The main manifestations of peptic ulcer of the stomach and duodenum are: acute or aching pain in the epigastrium, which may increase after eating and at night; nausea and vomiting; frequent or painful bowel movements; hunger caused by malnutrition due to stomach pain.
What causes can lead to the development of gastric and duodenal ulcers?
The main causes of gastric and duodenal ulcers are the bacterium Helicobacter pylori, which can be transmitted from person to person, as well as damage to the mucous membrane of the gastrointestinal tract caused by alcohol, smoking, consumption of stale foods, stress, long-term use of certain medications, etc.
What is the diagnosis of gastric and duodenal ulcer?
Diagnosis of gastric and duodenal ulcer includes physical and laboratory examination, endoscopy, fluoroscopy of the stomach and intestines, analysis of gastric contents for the presence of Helicobacter pylori, and biopsy and histological examination of mucosal specimens.
How to treat peptic ulcer of the stomach and duodenum?
Treatment of peptic ulcer of the stomach and duodenum depends on the cause of its development, the degree of damage and concomitant diseases. Usually includes taking antibiotics to kill Helicobacter pylori, drugs to protect and restore the stomach lining, drugs to reduce stomach acidity, and painkillers to relieve pain symptoms.
What preventive measures are recommended to prevent the development of gastric and duodenal ulcers?
To prevent the development of gastric and duodenal ulcers, the following preventive measures are recommended: maintaining proper nutrition, avoiding fatty and fried foods from the diet, limiting alcohol and nicotine consumption, eating fresh foods, avoiding stressful situations, timely and regular treatment by a family doctor.
Is it possible to completely recover from peptic ulcer of the stomach and duodenum?

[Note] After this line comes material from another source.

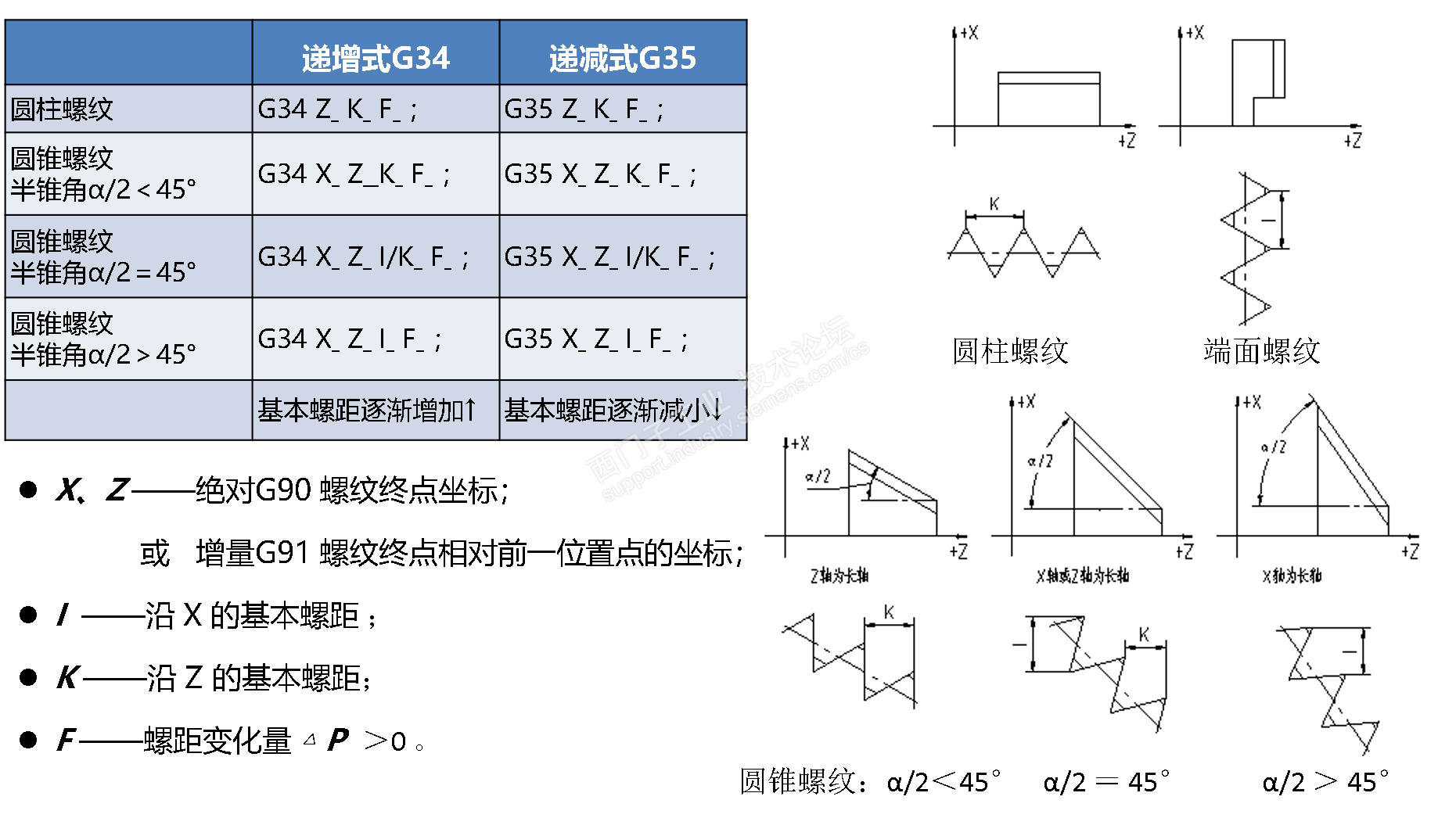 这是西门子系统的变螺距车削指令。基本螺距逐渐增加时,采用G34,基本螺距逐渐减少的,采用G35.

Yes, in most cases peptic ulcer of the stomach and duodenum can be completely cured, provided timely access to a doctor and proper treatment. However, it is necessary to follow the recommendations of the doctor regarding the diet and regimen, as well as regularly undergo a medical examination and treatment in case of relapse.
What to do if you suspect a peptic ulcer
See a doctor
If you suspect a stomach or duodenal ulcer, see your doctor. It is impossible to independently establish a diagnosis, since the symptoms of peptic ulcer can be similar to other diseases. The doctor will conduct the necessary examination, make a diagnosis and prescribe treatment.
Diet
If you suspect you have a peptic ulcer, it is important to follow a diet. It is necessary to exclude spicy, fatty, sour and salty foods from the diet. It is recommended to eat food in small portions and often, do not overeat and do not starve.
Give up bad habits
Smoking and drinking alcohol can aggravate peptic ulcers and make it difficult to treat. Therefore, it is recommended to abandon bad habits for the period of treatment and generally try to avoid them.
Monitor your health
If you have a peptic ulcer, you need to monitor your health. Visit the doctor regularly, take tests and carry out the necessary procedures. It is also necessary to pay attention to symptoms and disturbing sensations in order to take timely measures to eliminate them.
Conclusions about peptic ulcer
A problem for many people
Peptic ulcer of the stomach and duodenum is a widespread disease. It can occur when the diet is not followed, drinking large amounts of alcohol and smoking. The main reason is a violation of the functioning of the protective mechanisms of the mucous membrane.
Symptoms and diagnosis
The main symptom of peptic ulcer disease is pain in the upper abdomen, which appears on an empty stomach or after eating. Nausea, vomiting, heartburn, palpitations and a general deterioration in well-being may also be observed. Diagnosis of the disease occurs through gastroscopy and analysis of gastric juice.
Treatment and prevention
Peptic ulcer disease can be treated with special preparations that promote healing of ulcers. In the process of treatment, it is necessary to follow a diet, give up bad habits and reduce stress. Prevention of the disease includes a healthy lifestyle, proper nutrition and the absence of bad habits.